Server and programming tools

This BBP system is built on two Dell Poweredge 2580 servers, one serving as database server and another as application server. Both servers are running the Redhat Linux operating system (Redhat Enterprise Linux ES 4). The database server is powered by Oracle 10g database management system. Two open source software programs, Apache HTTP Server and Apache Tomcat, are installed as the HTTP application server and the servlet container respectively. Different programming languages including PHP, Perl, and Java are implemented for development of a variety of BBP modules. The two servers also back each other regularly to secure the data.

InterBru and BGBrowser

InterBru is a web-based relational database system that contains various Brucella data and links to public databases. The protein MW and PI are calculated from the protein sequences using the modules (Bio::Tools::pICalculator and Bio::Tools::SeqStats) from Bioperl [42]. The InterBru data can be searched by different features and sorted for proper display (Figure 2A). The Brucella Genome Browser (BGBrowser) (Figure 2B) is developed based on the GBrowse [21], one of the GMOD software programs [22]. In order to speed up the query process, all Brucella sequence and annotation information for BGBrowser are stored in the database server instead of flat files. Both InterBru and BGBrowser share the same output page of detailed gene information (Figure 2C).

Blast@BBP

The Blast module in BBP uses the latest web server version of BLAST obtained from NCBI [43]. It includes regular BLAST services (blastn, blastp, blastx, tblastn, tblastx), PSI/PHI BlAST, Mega BLAST, and BLAST 2 sequences. These services are implemented in the BBP application server and can be used to search nucleotide or protein BLAST libraries containing sequences from individual or combined Brucella genomes. The sequence libraries are updated periodically to reflect newly curated annotations and when new genomes are added.

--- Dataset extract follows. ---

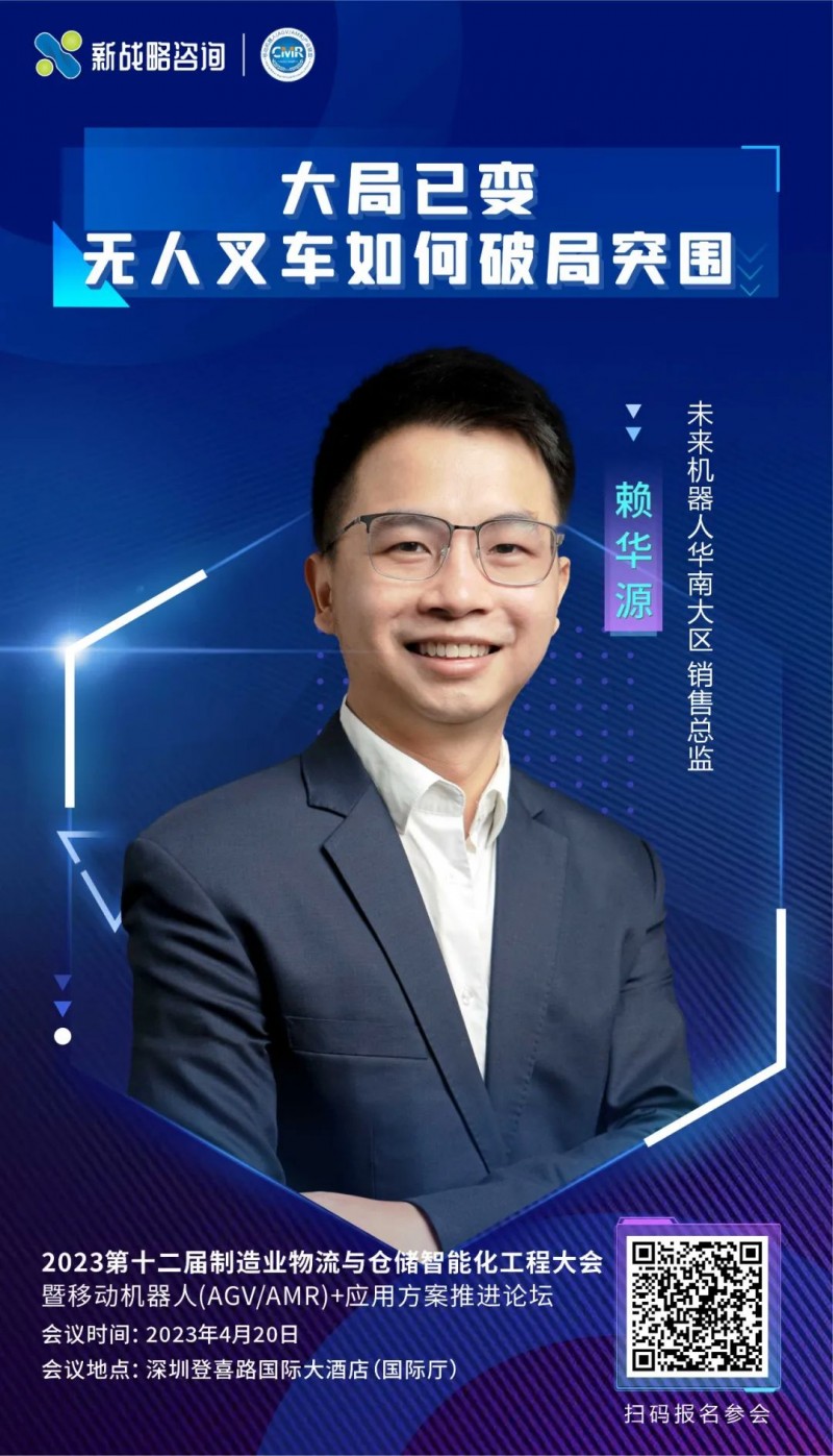 4月20日,在由新戰略移動機器人以及新戰略咨詢聯合主辦的“2023第十二屆制造業物流與倉儲智能化工程大會“上,未來機器人華南大區銷售總監賴華源將帶來“大局已變,無人叉車如何破局突圍”主題演講,敬請關注!
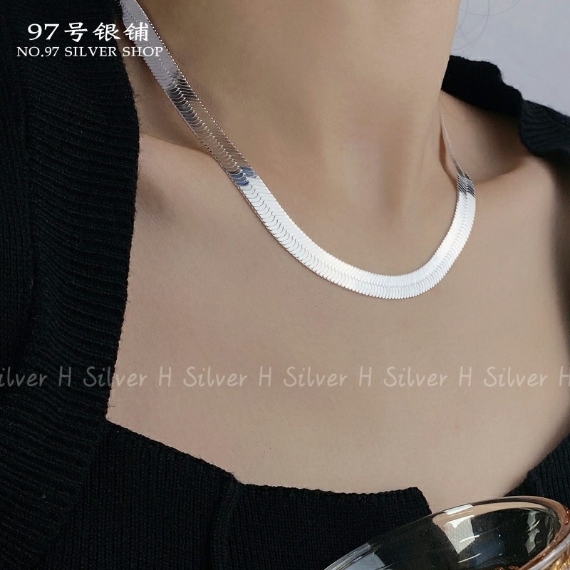 📚 S925纯银超宽扁形蛇骨项链简约重工气质嘻哈刀片锁骨链潮流单链

TextPresso-powered Brucella literature search

As a software program from the GMOD, Textpresso uses a modified GNU license and is free for academic purposes [24]. The TextPresso package is downloaded from the TextPresso website [24]. An automatic download program is first used to download and extract from PubMed all Brucella-related article information, including titles, authors, publish years, volumes, pages, journal names and abstracts. A BBP script is also developed to extract all Brucella-related full-text PDF files from PubMed. The PDF files are converted into plain text files using the open source XPDF [44]. The converted full text together with abstracts and titles are tokenized into sentences and then to XML-tagged words or phrases representing different ontology categories according to a pre-defined ontology format. All the processed information, including fully annotated abstracts, titles, full texts, citation information, authors, years, keywords and categories, is indexed for efficient query. A web query interface is installed and modified for users to search against the indices and check detailed matching records.

Brucella Limix

To develop the literature mining and curation system, the PubSearch version 0.81 is first adopted and extended from GMOD [22]. PubSearch is originally designed for Arabidopsis in the TAIR project [17]. We replace the TAIR data from the software download with new Brucella genomic data from NCBI, Swiss-Prot and other repositories. Currently Limix stores information for 6033 Brucella-related articles downloaded from PubMed, including those without abstract content. The 20346 GO ontology terms downloaded from the GO database [45] allow users to associate Brucella gene names with specific GO terms. Limix also includes batch mode loading of data from other databases (e.g., PubMed and GO databases), and data indexing. We have also modified many PubSearch features to make it fit in with bacterial genome annotation. The PubSearch-powered page programmed in Java is used as the primary Limix web page specifically for manual curation and management. Since TextPresso uses Perl CGI instead of Java, we use a HTML frame inside the primary page to hold the TextPresso-powered computational text mining program (Figure 4). The text mining HTML frame also contains literature keywords search and automatic Brucella literature update programs. A JavaScript program is developed to copy highlighted sentences from the text mining frame to an editable text field in the primary curation page.

MeSH Browser

The Brucella literature MeSH browser is developed by utilizing the hierarchy tree structure of MeSH terms downloaded from PubMed and stored in the BBP Oracle database. MeSH Browser allows users to search associated articles to a specific MeSH term in the MeSH tree by clicking and expanding the MeSH nodes. The nodes in the MeSH tree can be dynamically expanded with no waiting for pages to reload by using the Asynchronous JavaScript and XML (Ajax) technique [46].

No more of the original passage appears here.